We’ll begin by building a variety of feature analysis and engineering techniques for text, from n-gram time series plots to stochastic neighbor embeddings. We’ll then move toward visual analysis of text models and diagnostic tools for detecting model error, such as confusion matrices and class prediction error plots. Finally, we’ll explore some visual methods for engaging in hyperparameter optimization to steer models toward higher performance.

Visualizing Feature Space

Within traditional numeric prediction pipelines, feature engineering, model evaluation, and tuning can be done in a fairly straightforward fashion. In low-dimensional space, we can identify a dataset’s most informative features by fitting a model and computing how much of the observed variance is explained by each feature; such results can be visualized using bar charts or two-dimensional pairwise correlation heatmaps.

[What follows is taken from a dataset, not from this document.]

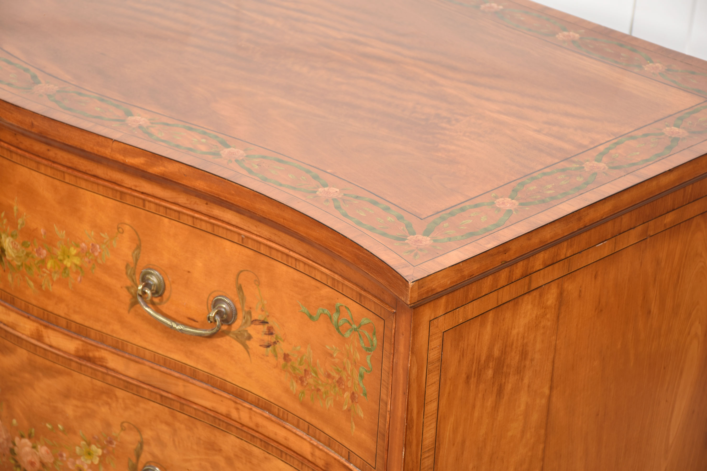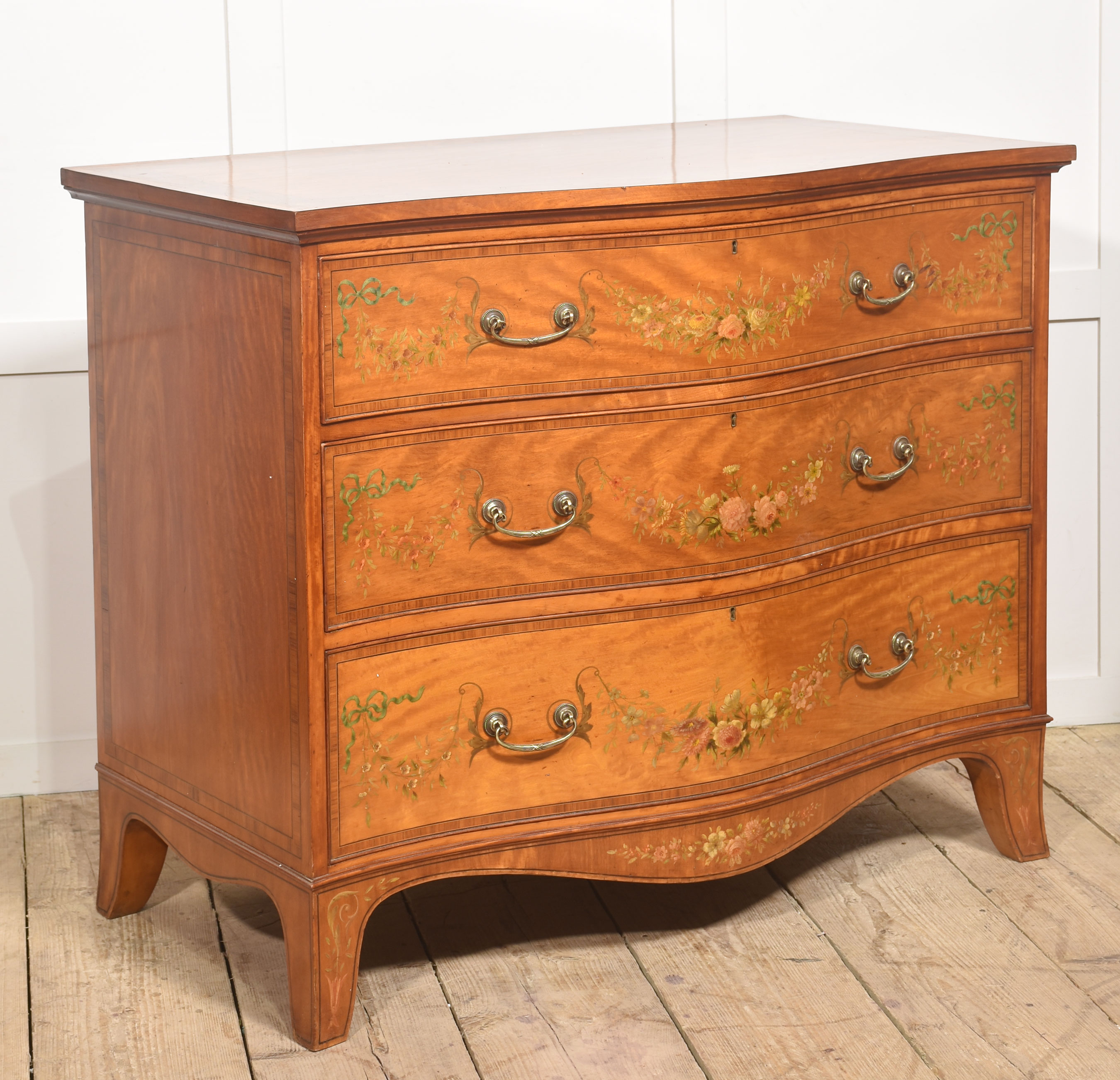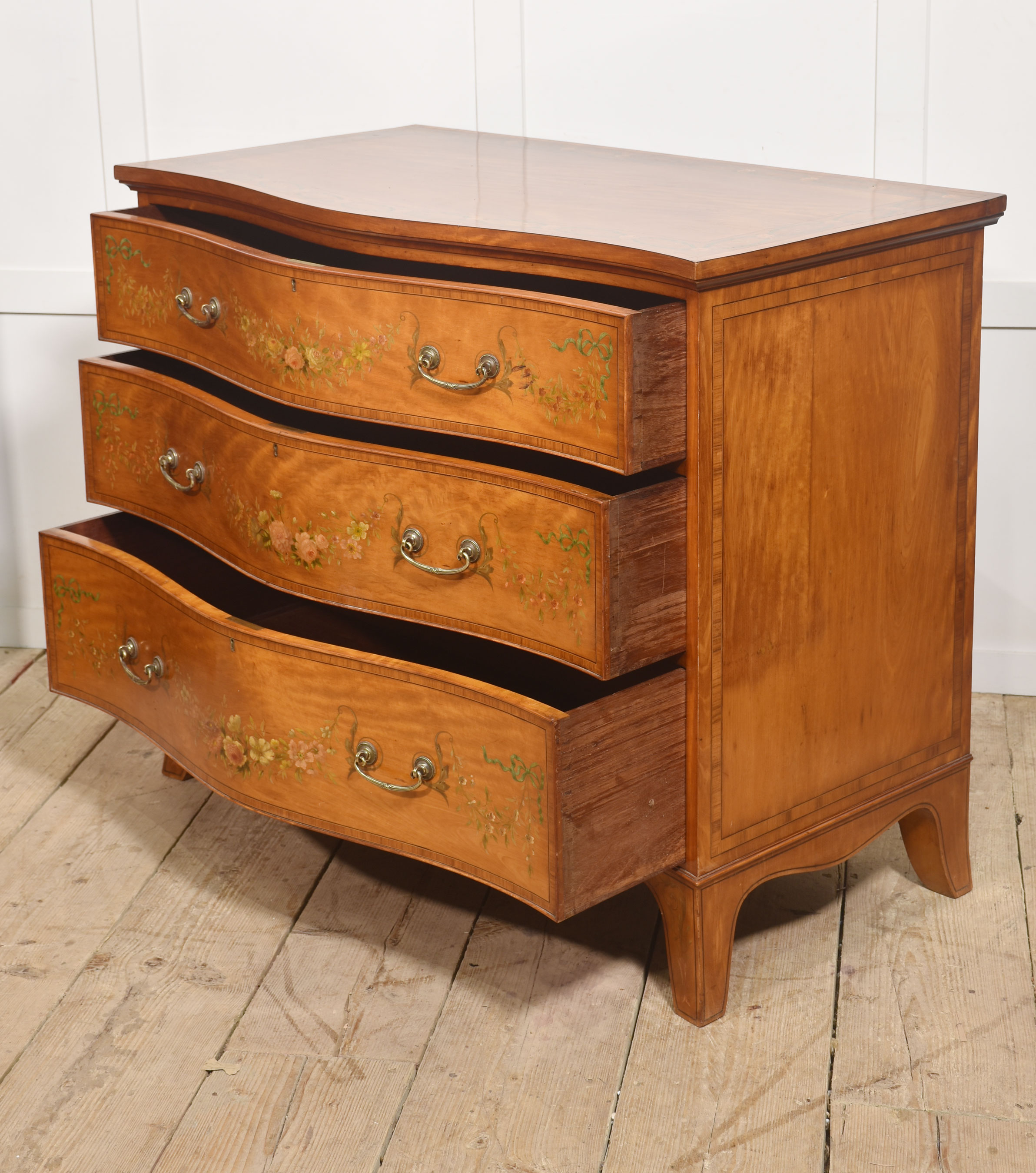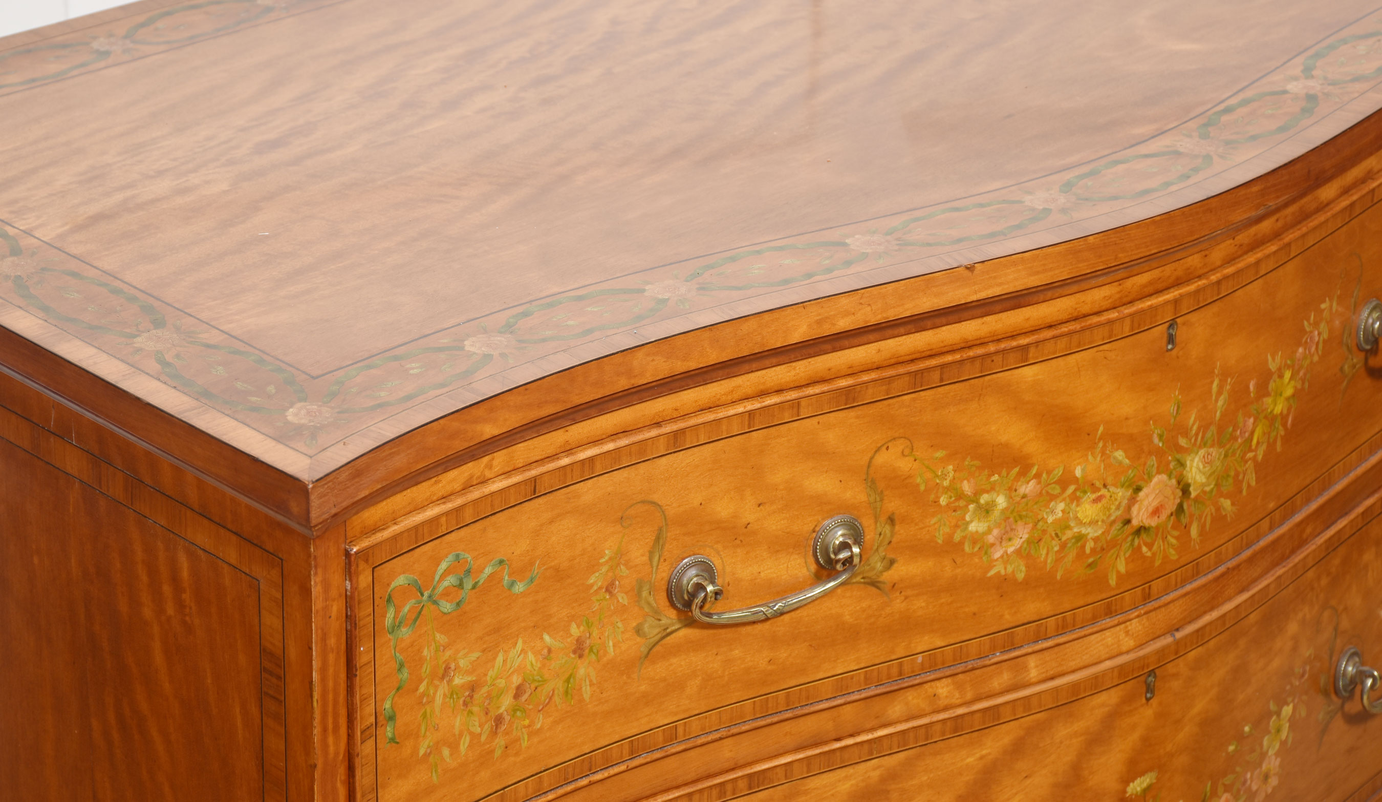 A finely crafted serpentine-front chest of drawers in the Sheraton Revival taste, constructed in richly figured satinwood and decorated throughout with delicate hand-painted floral ornament. The shaped rectangular top, with gently bowed front, is bordered by a subtle line inlay and exhibits the characteristic soft sheen and fine, even grain of satinwood.

Visualizing feature space is not as easy when our data is text. This is in part because visualizing high-dimensional data is inherently more difficult, but also because visualizing text data in Python requires additional hoop-jumping compared to plotting purely numeric data. In this section, we’ll explore a range of Matplotlib visualization routines we have found useful for feature analysis and feature engineering.

Visual Feature Analysis

In essence, feature analysis is the process by which we go about getting to know our data. With low-dimensional numeric data, the visual feature analysis techniques we might use would include box plots and violin plots, histograms, scatterplot matrices, radial visualizations, and parallel coordinates. Unfortunately, the high dimensionality of text data makes these techniques not only inconvenient, but also not always especially relevant.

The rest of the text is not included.